§ The task
Copy the opening lines of the listing exactly, through and including the line with "Versatile, foundational and"; do not copy any pictures.

§ Provided material
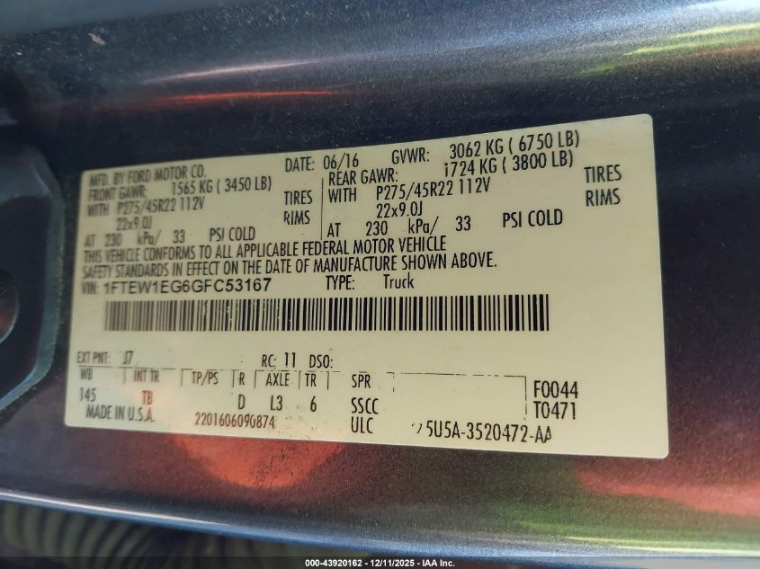 • 1FTEW1EG6GFC53167
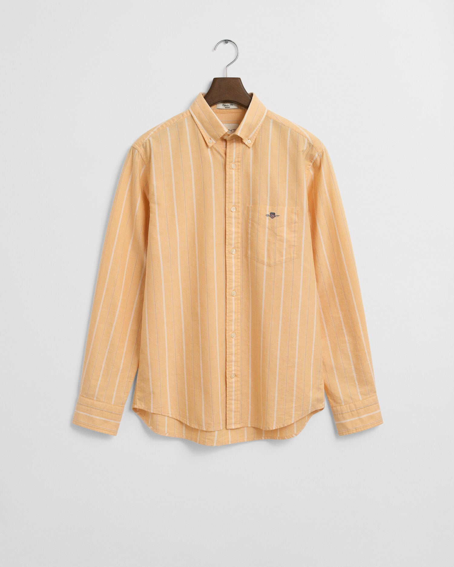 Versatile, foundational and smart-casual appropriate, this Classic Oxford Shirt is cut for a regular fit and features yarn-dyed stripes. Crafted from cotton, this shirt uses a soft Oxford weave fabric found in our shirting archives. It is detailed with a button-down collar, adjustable cuffs and a box pleat with our signature locker loop invention at the back. This shirt is complete with a subtle shield graphic embroidered at the chest pocket.
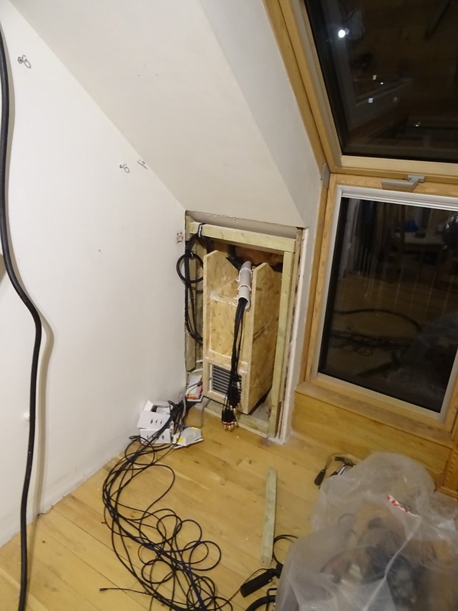 Spent the morning crawling about the roof eaves verifying the planned duct runs were realistic. Decided to go for a longer route of flex duct with very gradual turns rather than a shorter route with sharp turns. Did some tidying up in there, and used the circular saw to trim back the tongue and groove floor around the front knee walls to allow for a double layer of OSB + plasterboard. Previously there was just plasterboard. Also did several other small but necessary jobs preparing to fit the silencer.
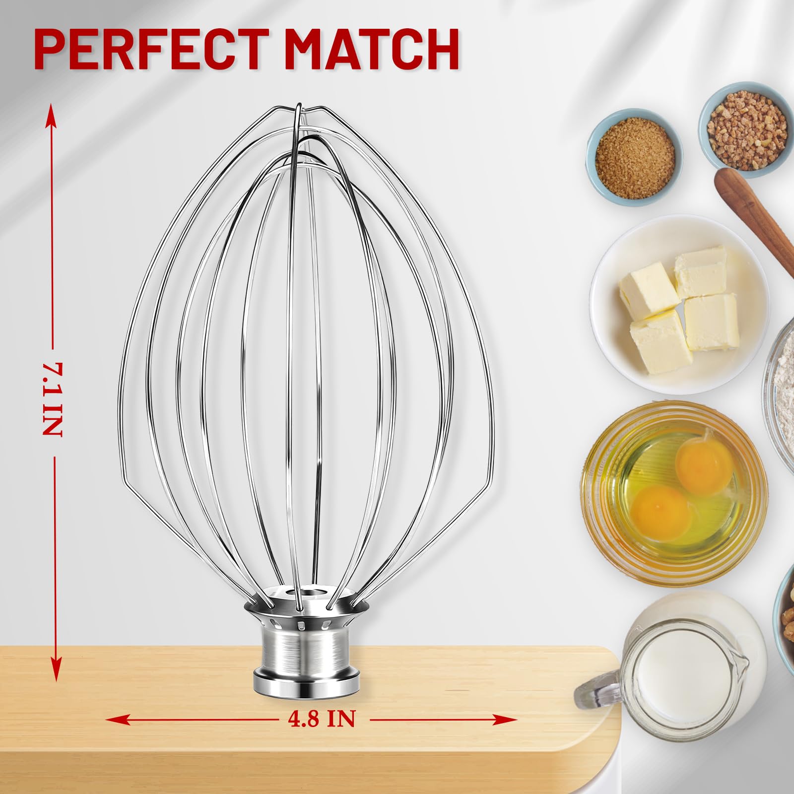 RUST & CORROSION RESISTANT:The K5A Made from high-grade 18/8 (304) stainless steel, this stand mixer whisk attachment is built to resist rust, corrosion, and oxidation, even with exposure to humidity and harsh detergents.

§ Exercise solution
 • 1FTEW1EG6GFC53167
 Versatile, foundational and smart-casual appropriate, this Classic Oxford Shirt is cut for a regular fit and features yarn-dyed stripes. Crafted from cotton, this shirt uses a soft Oxford weave fabric found in our shirting archives. It is detailed with a button-down collar, adjustable cuffs and a box pleat with our signature locker loop invention at the back. This shirt is complete with a subtle shield graphic embroidered at the chest pocket.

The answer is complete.